Supplied data:
_ _ _ _ _ _ _

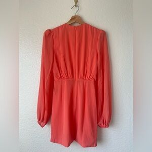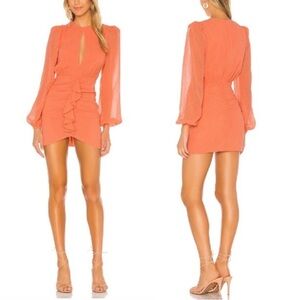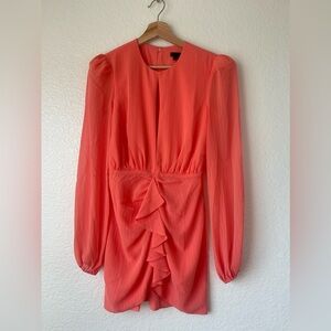 NBD Arijana Coral Orange Front Keyhole Long Sleeve Mini Dress
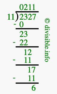 The image displays 211 at the top, which is the quotient, and 6 at the bottom, which is the remainder. Therefore, the answer to 2327 divided by 11 (2327 ÷ 11) using long division is 211 remainder 6, or simply 211 R 6.
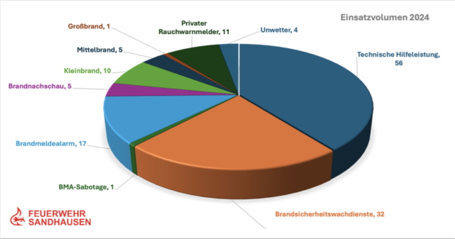 In seinem Jahresbericht gab Kommandant Markus Zielbauer einen Überblick über das Einsatzgeschehen des Jahres 2024. Die Feuerwehr Sandhausen wurde zu insgesamt 142 Einsätzen alarmiert. Diese gliederten sich in Brandeinsätze, technische Hilfeleistungen sowie sonstige Einsätze.
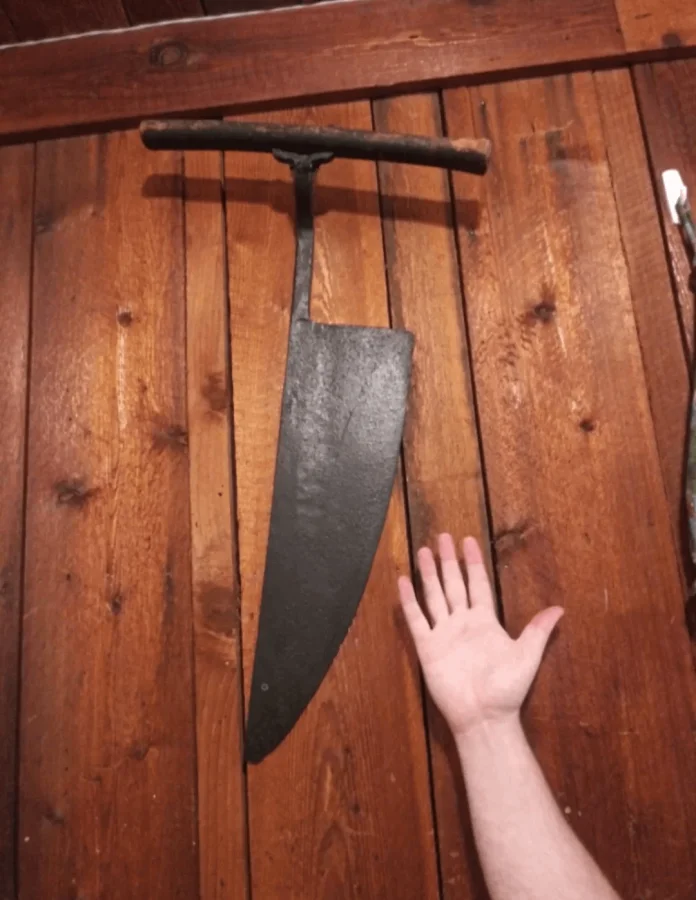 7. Железный инструмент длиной около 70 см, найденный в дупле дерева

_ _ _ _ _ _ _

Try it:
From the first line to the last, copy the listing above exactly and leave out the images.

Reply:
 NBD Arijana Coral Orange Front Keyhole Long Sleeve Mini Dress
 The image displays 211 at the top, which is the quotient, and 6 at the bottom, which is the remainder. Therefore, the answer to 2327 divided by 11 (2327 ÷ 11) using long division is 211 remainder 6, or simply 211 R 6.
 In seinem Jahresbericht gab Kommandant Markus Zielbauer einen Überblick über das Einsatzgeschehen des Jahres 2024. Die Feuerwehr Sandhausen wurde zu insgesamt 142 Einsätzen alarmiert. Diese gliederten sich in Brandeinsätze, technische Hilfeleistungen sowie sonstige Einsätze.
 7. Железный инструмент длиной около 70 см, найденный в дупле дерева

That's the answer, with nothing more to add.